Action item:
Retype the lines of the listing below exactly, but only those from the one containing "TERBARU Stiker Striping" through the last line; pictures stay out.

Data segment:
* * * * * * * * *

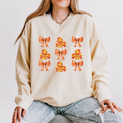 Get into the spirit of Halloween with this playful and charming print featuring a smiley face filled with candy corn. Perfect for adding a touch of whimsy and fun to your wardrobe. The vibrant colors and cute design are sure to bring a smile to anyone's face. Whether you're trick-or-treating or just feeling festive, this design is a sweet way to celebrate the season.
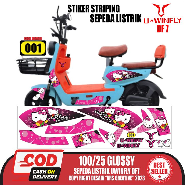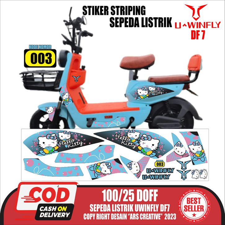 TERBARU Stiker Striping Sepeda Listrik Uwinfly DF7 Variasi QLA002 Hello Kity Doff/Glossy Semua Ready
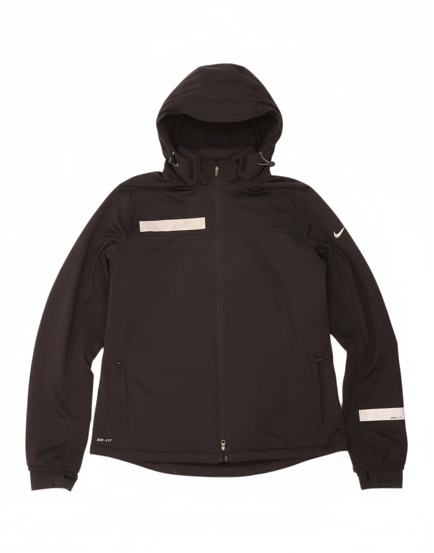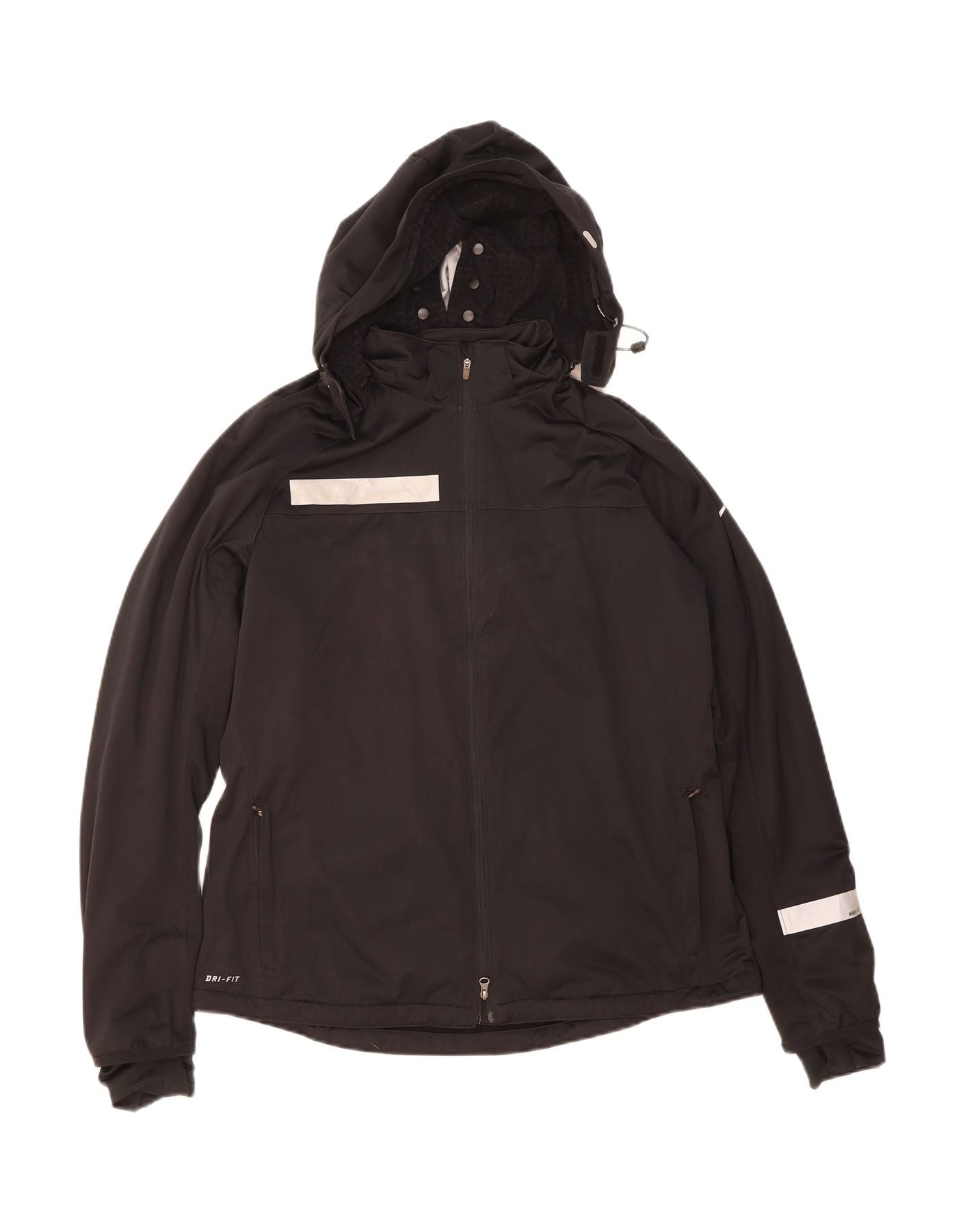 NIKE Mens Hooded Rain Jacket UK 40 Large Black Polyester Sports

* * * * * * * * *

Response to the task:
 TERBARU Stiker Striping Sepeda Listrik Uwinfly DF7 Variasi QLA002 Hello Kity Doff/Glossy Semua Ready
 NIKE Mens Hooded Rain Jacket UK 40 Large Black Polyester Sports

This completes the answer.